Stored entries
⁂

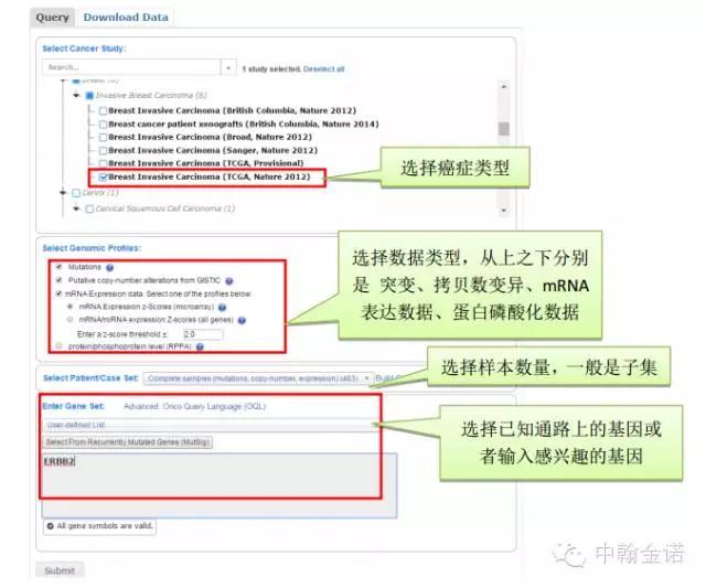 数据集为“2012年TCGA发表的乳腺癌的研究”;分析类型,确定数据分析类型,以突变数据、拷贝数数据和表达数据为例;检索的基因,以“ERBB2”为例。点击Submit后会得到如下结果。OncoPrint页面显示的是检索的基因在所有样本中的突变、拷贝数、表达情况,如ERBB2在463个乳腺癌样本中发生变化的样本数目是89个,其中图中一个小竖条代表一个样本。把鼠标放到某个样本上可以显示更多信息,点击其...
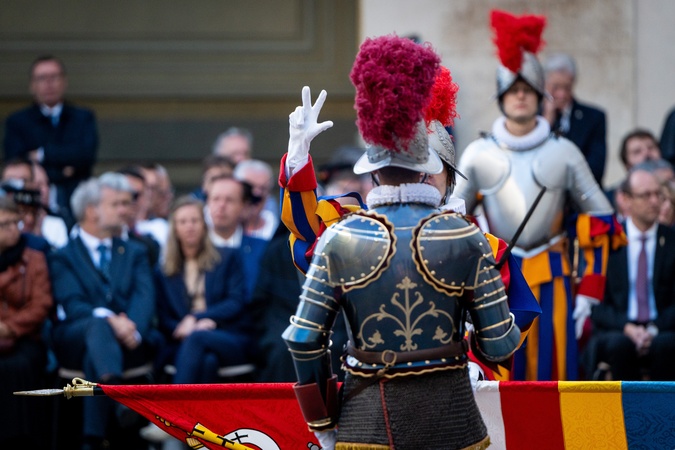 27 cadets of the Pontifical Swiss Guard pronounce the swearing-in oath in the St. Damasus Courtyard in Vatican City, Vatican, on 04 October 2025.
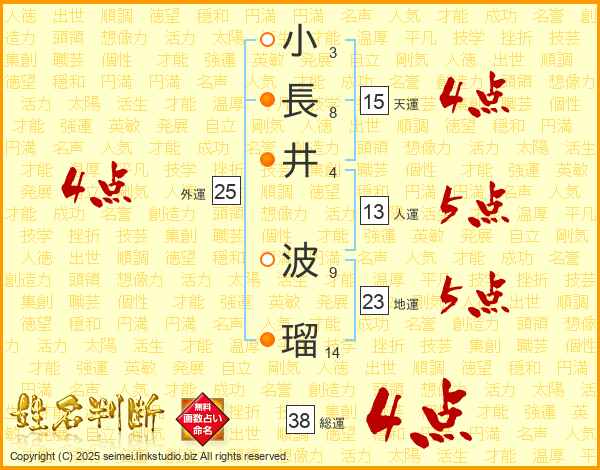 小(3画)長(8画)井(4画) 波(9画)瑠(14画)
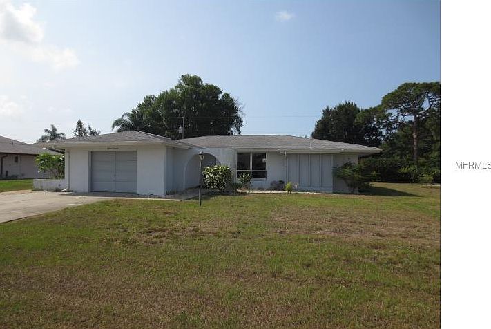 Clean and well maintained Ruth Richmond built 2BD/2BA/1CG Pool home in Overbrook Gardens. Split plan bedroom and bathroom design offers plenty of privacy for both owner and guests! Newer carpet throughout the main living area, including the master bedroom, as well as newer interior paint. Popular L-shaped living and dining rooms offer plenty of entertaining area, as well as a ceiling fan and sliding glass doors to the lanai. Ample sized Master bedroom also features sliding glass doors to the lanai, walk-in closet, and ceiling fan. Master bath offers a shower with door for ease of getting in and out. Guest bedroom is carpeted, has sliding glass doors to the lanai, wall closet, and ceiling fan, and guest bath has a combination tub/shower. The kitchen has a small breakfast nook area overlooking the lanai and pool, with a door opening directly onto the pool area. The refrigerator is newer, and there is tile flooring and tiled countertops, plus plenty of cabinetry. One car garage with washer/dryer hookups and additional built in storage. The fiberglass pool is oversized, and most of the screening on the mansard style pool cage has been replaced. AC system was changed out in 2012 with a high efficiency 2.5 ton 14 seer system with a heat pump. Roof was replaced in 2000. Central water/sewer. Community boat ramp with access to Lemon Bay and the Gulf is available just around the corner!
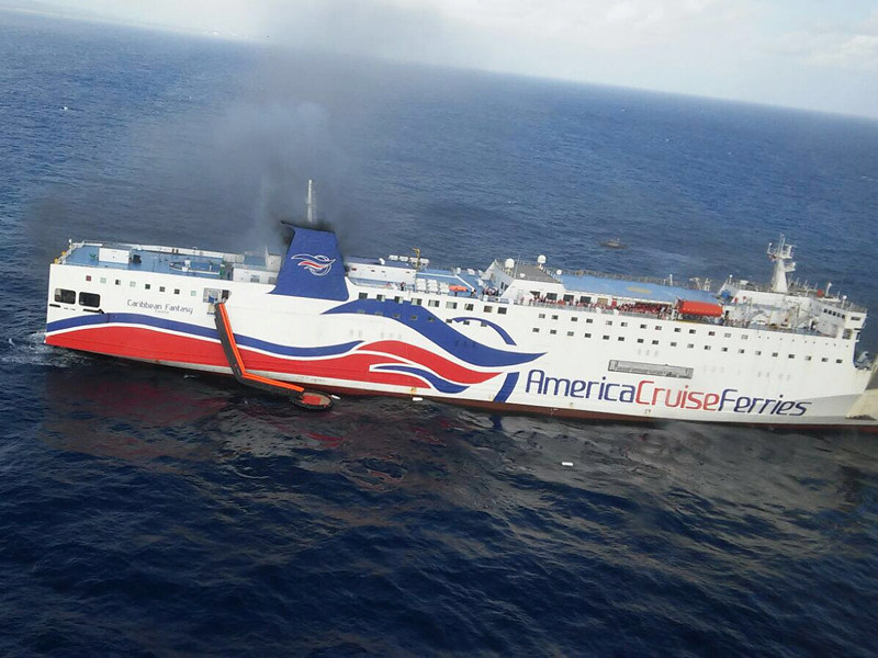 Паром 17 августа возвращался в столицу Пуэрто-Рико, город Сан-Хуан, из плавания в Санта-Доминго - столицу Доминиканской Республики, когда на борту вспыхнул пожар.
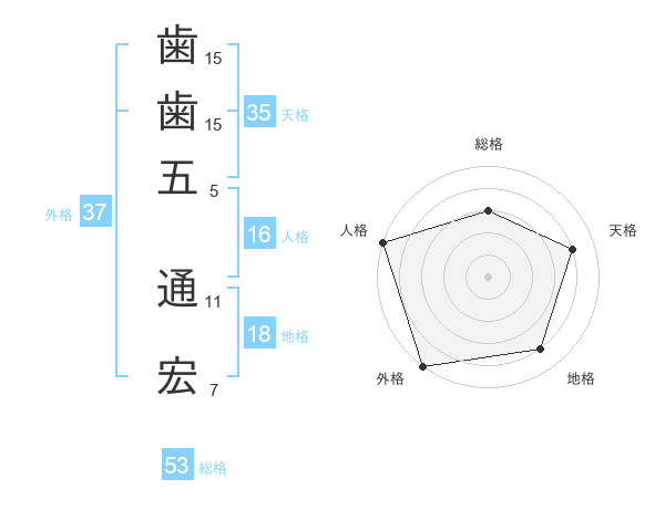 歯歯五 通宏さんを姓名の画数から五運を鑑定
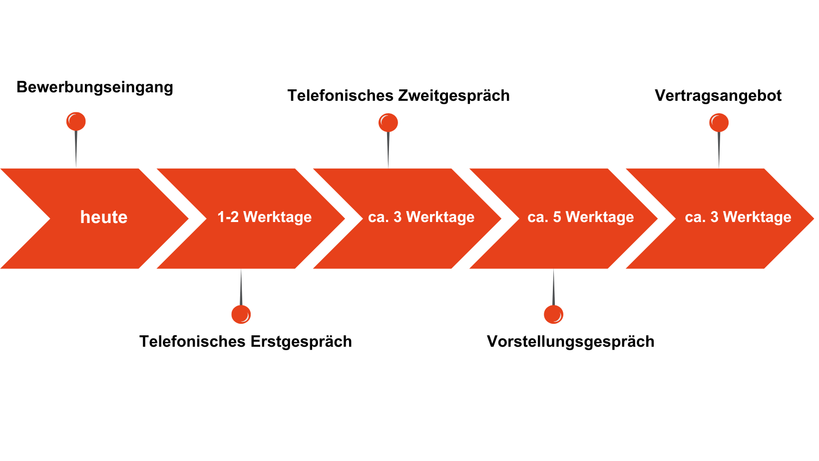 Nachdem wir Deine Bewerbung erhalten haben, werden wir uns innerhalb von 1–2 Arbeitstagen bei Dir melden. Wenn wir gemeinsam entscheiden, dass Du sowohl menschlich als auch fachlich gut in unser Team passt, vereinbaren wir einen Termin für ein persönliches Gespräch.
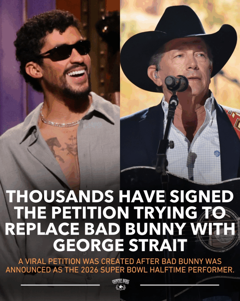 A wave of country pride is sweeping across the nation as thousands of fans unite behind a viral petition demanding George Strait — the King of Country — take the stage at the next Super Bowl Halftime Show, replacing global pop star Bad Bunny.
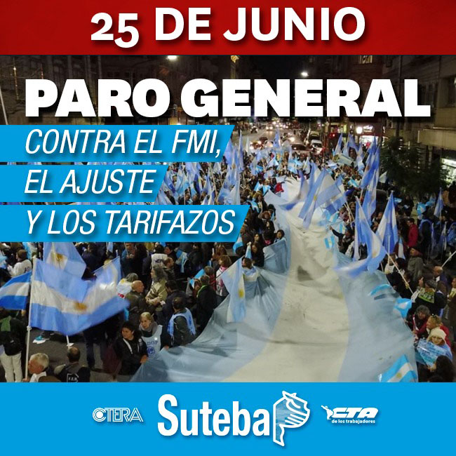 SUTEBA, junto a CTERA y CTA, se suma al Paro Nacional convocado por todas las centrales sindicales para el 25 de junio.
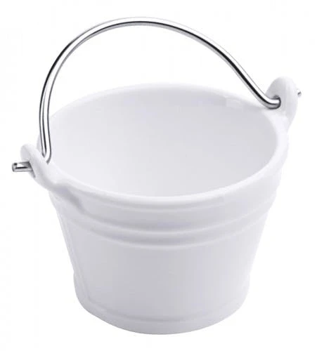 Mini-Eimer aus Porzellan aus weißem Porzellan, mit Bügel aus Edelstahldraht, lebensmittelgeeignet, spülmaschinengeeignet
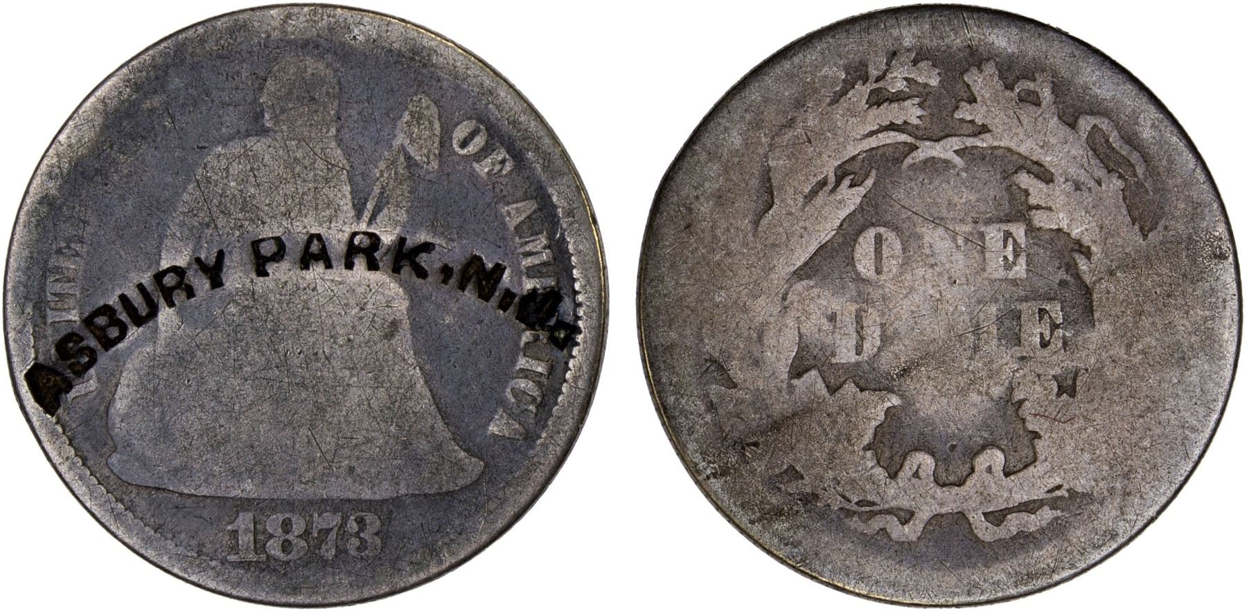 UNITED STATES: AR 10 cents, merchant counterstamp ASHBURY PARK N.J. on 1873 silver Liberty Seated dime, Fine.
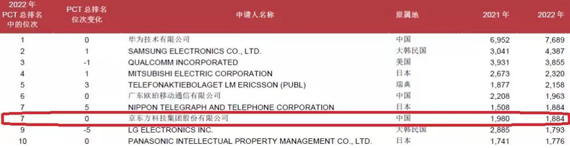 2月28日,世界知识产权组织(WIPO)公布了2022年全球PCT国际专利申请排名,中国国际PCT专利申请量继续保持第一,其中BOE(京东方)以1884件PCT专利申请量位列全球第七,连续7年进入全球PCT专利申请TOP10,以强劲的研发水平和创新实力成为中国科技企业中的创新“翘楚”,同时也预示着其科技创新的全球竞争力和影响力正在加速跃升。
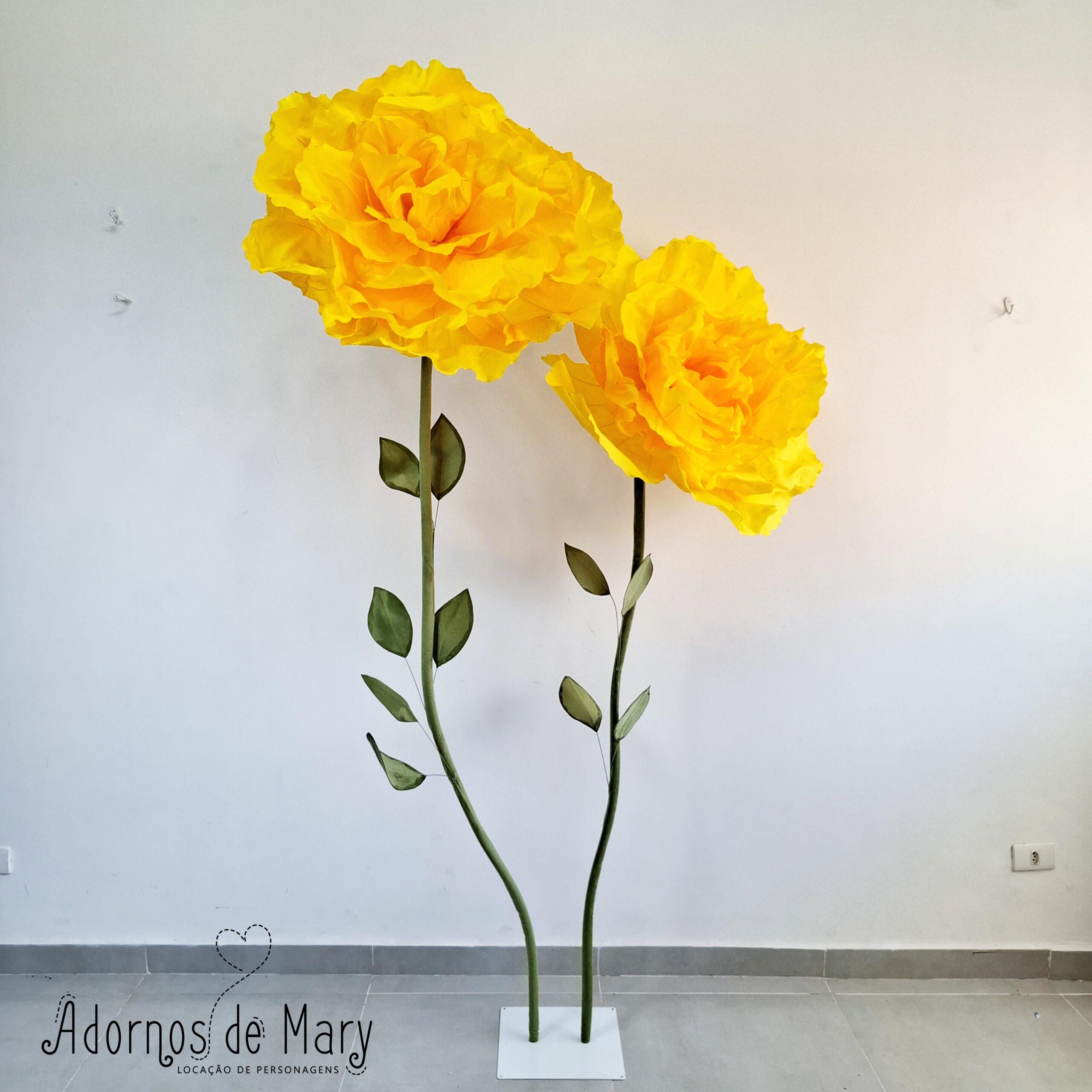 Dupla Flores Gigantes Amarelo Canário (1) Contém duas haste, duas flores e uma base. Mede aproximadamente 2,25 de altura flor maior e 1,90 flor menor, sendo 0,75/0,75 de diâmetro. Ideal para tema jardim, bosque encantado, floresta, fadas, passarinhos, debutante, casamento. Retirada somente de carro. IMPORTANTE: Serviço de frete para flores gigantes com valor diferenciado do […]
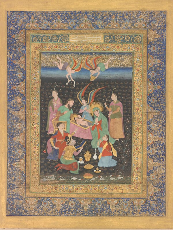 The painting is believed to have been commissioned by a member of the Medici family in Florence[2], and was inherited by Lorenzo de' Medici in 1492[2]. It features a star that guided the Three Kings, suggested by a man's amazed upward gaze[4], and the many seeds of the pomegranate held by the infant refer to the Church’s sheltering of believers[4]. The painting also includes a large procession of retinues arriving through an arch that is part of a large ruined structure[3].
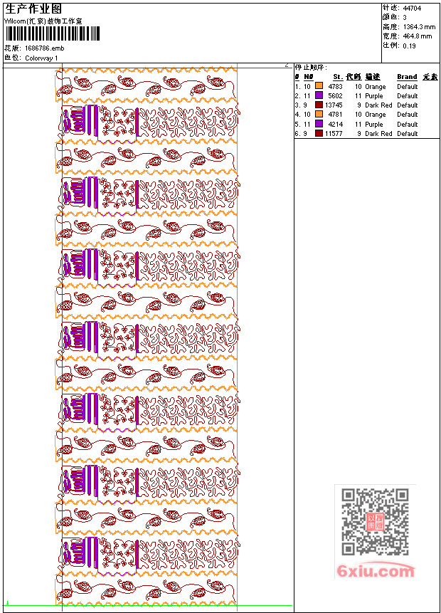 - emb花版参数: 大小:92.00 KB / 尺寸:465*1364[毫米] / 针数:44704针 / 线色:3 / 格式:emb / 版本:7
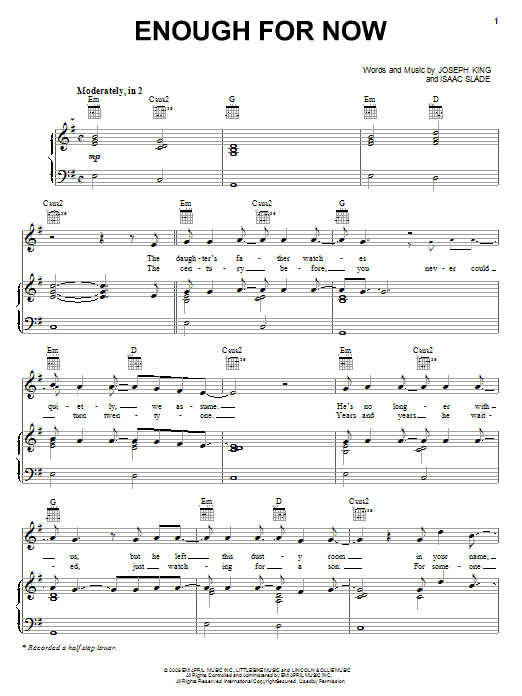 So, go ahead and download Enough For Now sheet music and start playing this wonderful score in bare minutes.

⁂

THE PROBLEM: Except for the pictures, set down each line of the records exactly as it appears.

OUTPUT BELOW:
 数据集为“2012年TCGA发表的乳腺癌的研究”;分析类型,确定数据分析类型,以突变数据、拷贝数数据和表达数据为例;检索的基因,以“ERBB2”为例。点击Submit后会得到如下结果。OncoPrint页面显示的是检索的基因在所有样本中的突变、拷贝数、表达情况,如ERBB2在463个乳腺癌样本中发生变化的样本数目是89个,其中图中一个小竖条代表一个样本。把鼠标放到某个样本上可以显示更多信息,点击其...
 27 cadets of the Pontifical Swiss Guard pronounce the swearing-in oath in the St. Damasus Courtyard in Vatican City, Vatican, on 04 October 2025.
 小(3画)長(8画)井(4画) 波(9画)瑠(14画)
 Clean and well maintained Ruth Richmond built 2BD/2BA/1CG Pool home in Overbrook Gardens. Split plan bedroom and bathroom design offers plenty of privacy for both owner and guests! Newer carpet throughout the main living area, including the master bedroom, as well as newer interior paint. Popular L-shaped living and dining rooms offer plenty of entertaining area, as well as a ceiling fan and sliding glass doors to the lanai. Ample sized Master bedroom also features sliding glass doors to the lanai, walk-in closet, and ceiling fan. Master bath offers a shower with door for ease of getting in and out. Guest bedroom is carpeted, has sliding glass doors to the lanai, wall closet, and ceiling fan, and guest bath has a combination tub/shower. The kitchen has a small breakfast nook area overlooking the lanai and pool, with a door opening directly onto the pool area. The refrigerator is newer, and there is tile flooring and tiled countertops, plus plenty of cabinetry. One car garage with washer/dryer hookups and additional built in storage. The fiberglass pool is oversized, and most of the screening on the mansard style pool cage has been replaced. AC system was changed out in 2012 with a high efficiency 2.5 ton 14 seer system with a heat pump. Roof was replaced in 2000. Central water/sewer. Community boat ramp with access to Lemon Bay and the Gulf is available just around the corner!
 Паром 17 августа возвращался в столицу Пуэрто-Рико, город Сан-Хуан, из плавания в Санта-Доминго - столицу Доминиканской Республики, когда на борту вспыхнул пожар.
 歯歯五 通宏さんを姓名の画数から五運を鑑定
 Nachdem wir Deine Bewerbung erhalten haben, werden wir uns innerhalb von 1–2 Arbeitstagen bei Dir melden. Wenn wir gemeinsam entscheiden, dass Du sowohl menschlich als auch fachlich gut in unser Team passt, vereinbaren wir einen Termin für ein persönliches Gespräch.
 A wave of country pride is sweeping across the nation as thousands of fans unite behind a viral petition demanding George Strait — the King of Country — take the stage at the next Super Bowl Halftime Show, replacing global pop star Bad Bunny.
 SUTEBA, junto a CTERA y CTA, se suma al Paro Nacional convocado por todas las centrales sindicales para el 25 de junio.
 Mini-Eimer aus Porzellan aus weißem Porzellan, mit Bügel aus Edelstahldraht, lebensmittelgeeignet, spülmaschinengeeignet
 UNITED STATES: AR 10 cents, merchant counterstamp ASHBURY PARK N.J. on 1873 silver Liberty Seated dime, Fine.
 2月28日,世界知识产权组织(WIPO)公布了2022年全球PCT国际专利申请排名,中国国际PCT专利申请量继续保持第一,其中BOE(京东方)以1884件PCT专利申请量位列全球第七,连续7年进入全球PCT专利申请TOP10,以强劲的研发水平和创新实力成为中国科技企业中的创新“翘楚”,同时也预示着其科技创新的全球竞争力和影响力正在加速跃升。
 Dupla Flores Gigantes Amarelo Canário (1) Contém duas haste, duas flores e uma base. Mede aproximadamente 2,25 de altura flor maior e 1,90 flor menor, sendo 0,75/0,75 de diâmetro. Ideal para tema jardim, bosque encantado, floresta, fadas, passarinhos, debutante, casamento. Retirada somente de carro. IMPORTANTE: Serviço de frete para flores gigantes com valor diferenciado do […]
 The painting is believed to have been commissioned by a member of the Medici family in Florence[2], and was inherited by Lorenzo de' Medici in 1492[2]. It features a star that guided the Three Kings, suggested by a man's amazed upward gaze[4], and the many seeds of the pomegranate held by the infant refer to the Church’s sheltering of believers[4]. The painting also includes a large procession of retinues arriving through an arch that is part of a large ruined structure[3].
 - emb花版参数: 大小:92.00 KB / 尺寸:465*1364[毫米] / 针数:44704针 / 线色:3 / 格式:emb / 版本:7
 So, go ahead and download Enough For Now sheet music and start playing this wonderful score in bare minutes.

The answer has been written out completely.